Laurie Penny on Cairo: With Tasers and placards, the women of Egypt are fighting back against sexism

Laurie Penny reports from Cairo.

By Laurie Penny


‘‘The youth will liberate Egypt!” A girl in a sky-blue headscarf is yelling and 300 women shout the words back at her outside the Sayyida Zeinab Mosque in central Cairo. Behind the gates of the mosque, men in long robes stare at the growing crowd, growling insults at anyone who comes close, but also curious. “These men, they’ve been brainwashed,” says Fawzie, 68, a retired engineer. “I am angry, devastated. I went several times to Tahrir Square, doing my best to help.

“They want women to stay at home. I want to see liberty.”

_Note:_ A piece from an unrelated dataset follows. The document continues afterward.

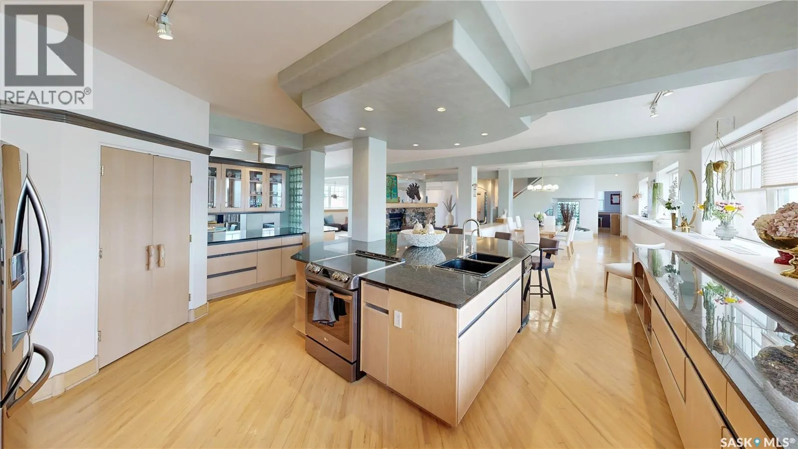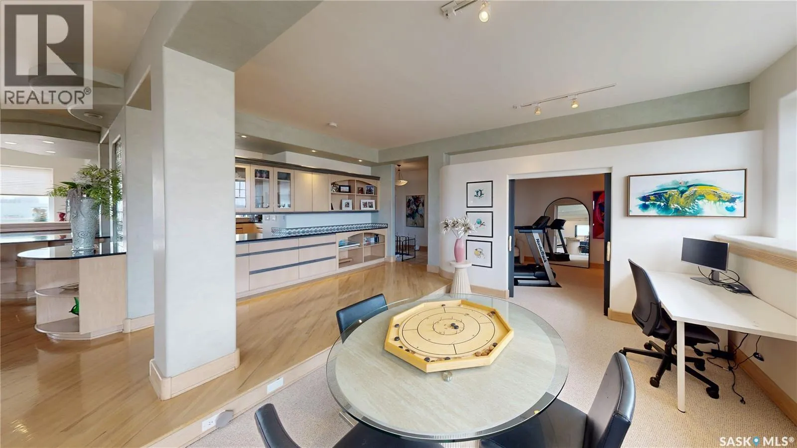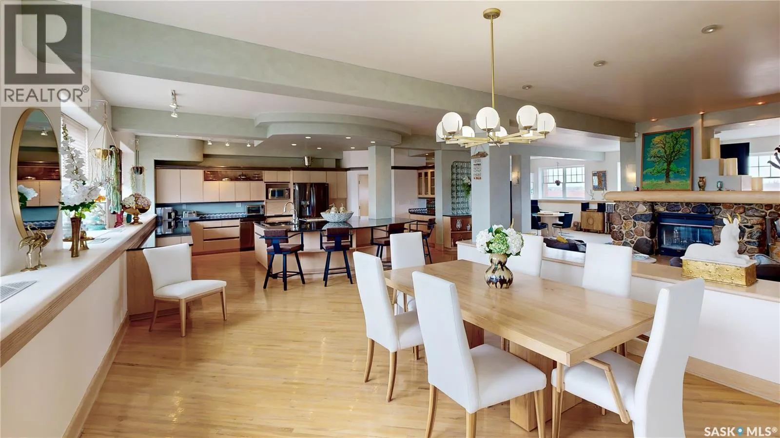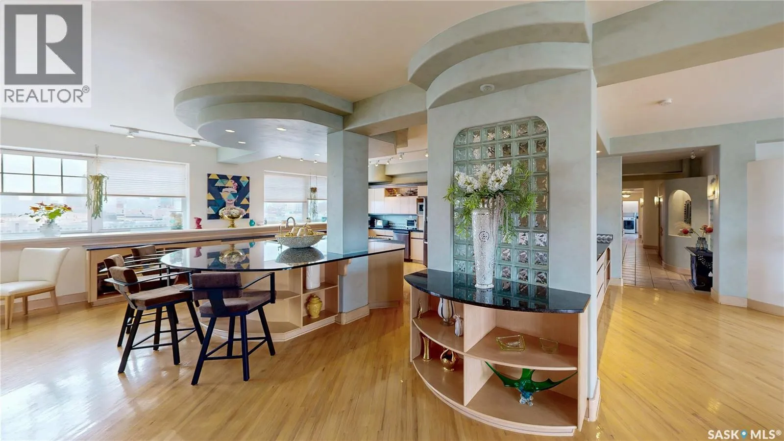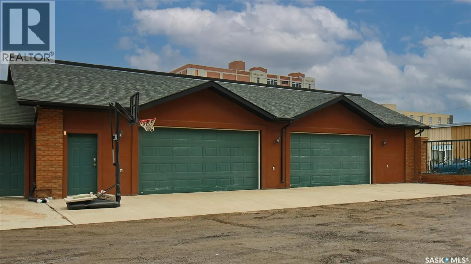 Welcome to Unit 400, the penthouse suite at 1150 Rose Street located in the vibrant Warehouse district. This 1913 built, 4917 square foot, apartment style warehouse condo has 5 bedrooms, 2 bathrooms and the grounds are completely gated. One of the most exceptional and rare highlights of this unit is the abundance of private parking spaces! There are 4 parking spots in the 56âx30â quadruple, detached, heated garage, 6 on the parking pad in front of the garage and 2 more on the side of the building! Upon entering this suite, you are welcomed into the foyer that opens into the family room with bright windows, a stone-surround wood burning fireplace and hardwood floors. The kitchen has a massive island with bar seating and the stainless steel fridge, stove, dishwasher, and garburator are all included. The open concept flows into the adjacent dining area. To the side is a versatile bedroom that also makes a wonderful office. On the opposite side of the stone fireplace, youâll find an expansive living room, offering a perfect balance of comfort and style. This area is complimented by a bedroom on one end and a cozy den on the other. The luxurious primary bedroom is spacious with a 5 piece en-suite bathroom featuring a huge bathtub, double vanity, glass shower and walk-in closet! Following that are two more bedrooms and the main 4 piece bathroom. Finishing off this level is the laundry room with tile flooring, plenty of extra storage space, a convenient wash sink, and a folding table. There is also access to the freight elevator. On the second level is a fabulous bonus room with wrap around windows, a wet bar with tile backsplash and access to your very own private rooftop deck! The ultimate spot to soak up the sun during the day and gather around the fire table with family and friends in the evening. Additional features include central air, the owned forced air boiler, gas water heater, water softener, RO system and both elevator and stair access. As per the Sellerâs direction, all offers will be presented on 04/20/2026 6:00PM. (id:27476)

For the women of Egypt, freedom from sexist oppression and freedom from state repression are part of the same battle. It is now dangerous for women and girls to go out alone without anticipating sexual and physical assault from mobs of men, from armed police, or both. The story being told by most of the western press is that Egypt’s revolution has been “spoiled” or “tainted” by this pandemic of violent misogyny – but at street level, something else is going on. The question is: whose revolution is this, anyway?

Before we came to the women’s march, my friends and I had been told to wear heavy belts, baggy trousers and several layers, to make it as difficult as possible for attackers to shove their hands inside our clothes.

Rana and Gina, young students who have been part of the revolution since 2011 and have experienced sexual harassment, are holding up placards demanding that passersby acknowledge sexism. “They don’t want us in the revolution. But we are here and none can push us away by raping us, by making women afraid to go out of their homes,” Rana says. “We are fed up. The police don’t listen to us. [They say] you are wearing unsuitable clothes, you deserve to be harassed. We are here to say we are not afraid.”

Gina is smaller, with bright, dyed-red hair poking out from under her hoodie, her voice hoarse with rage as she describes the multiple sexual assaults she has suffered. “It’s like someone takes your soul,” she says. “You feel that you want to kill yourself. It’s like someone beats you and every time you wake up they beat you again. It’s not only sexual harassment – they beat you, pull your hair, tell you awful words, call you a bad woman, call you a prostitute.”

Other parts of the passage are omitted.